NVIDIA’s Pascal is the most powerful GPU architecture bringing in a whole new level of performance and innovate capabilities. Visual Computing on the desktop, in VR, and on-the-go requires this next level of performance and capabilities. As designs become more complex, media becomes richer with higher resolutions and complex visual effects, with VR changing several facets of entertainment, design, engineering, architecture and medicine, Pascal offers the solutions to cope with these challenges.
At SIGGRAPH 2016 conference that concluded this week in Anaheim, California, NVIDIA showcased a demo of the mobile version of its revolutionary Pascal-based Quadro GPU. This has got everybody speculating that NVIDIA will soon announce the mobile variant of the Quadro family.

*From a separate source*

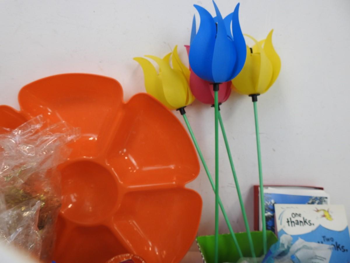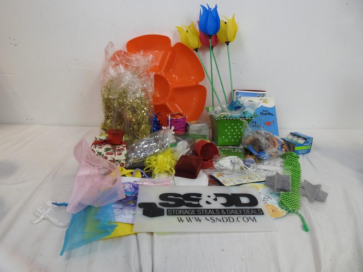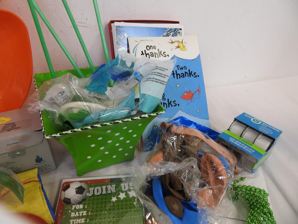 Large Party lot: Balloons, balloon weights wrapping, decorations, cards, tulip pinwheels

The P6000 and P5000 trimmed down for mobile variant
With a whopping 3840 CUDA Parallel-Processing Cores, boasting 24GB GDDR5X GPU memory and 12 TFLOPs of FP 32 performance and a max power consumption of 250W, the P6000 created quite a storm when it was first announced. The P5000 is a toned down version of P6000 with 2560 cores, 16 GB GDDR5X, 8.9 TFLOPs and 180W power consumption.
The mobile versions of the P6000 and P5000 must clock at a lower speed in order to reduce overall Thermal Design Power (TDP). The TDP is the maximum power consumed by a device under normal conditions. In other words, it’s the max power the device can dissipate when it runs real applications. When it comes to mobiles, power dissipation is an important factor. With shrinking technology nodes and complex fabrication challenges, mobile GPUs, and CPUs need to adhere to certain low power dissipation rules. Hence the expected reduction in TDP for the mobile variant of P6000 and P5000. So it’s ideal to expect the TDP for mobile variants to be well below 180W.
Though other specifications aren’t clear, fudzilla reports that the GPU is working flawlessly. The company hasn’t made any official announcements regarding the mobile variants, but the working silicon was shown publicly on the SIGGRAPH expo floor. The company claims that Quadro mobile workstation product family offers a complete range of graphics for the professions.
In related news, NVIDIA showed the advances it had achieved in VR. At the core of practically every PC-based VR system is a NVIDIA graphics chip. NVIDIA showed the preview of features that will become the world standard across all high-powered VR devices in a couple of years. And at the heart of it all, we may very well see the mobile variant of the P6000 and P5000 Quadro GPU.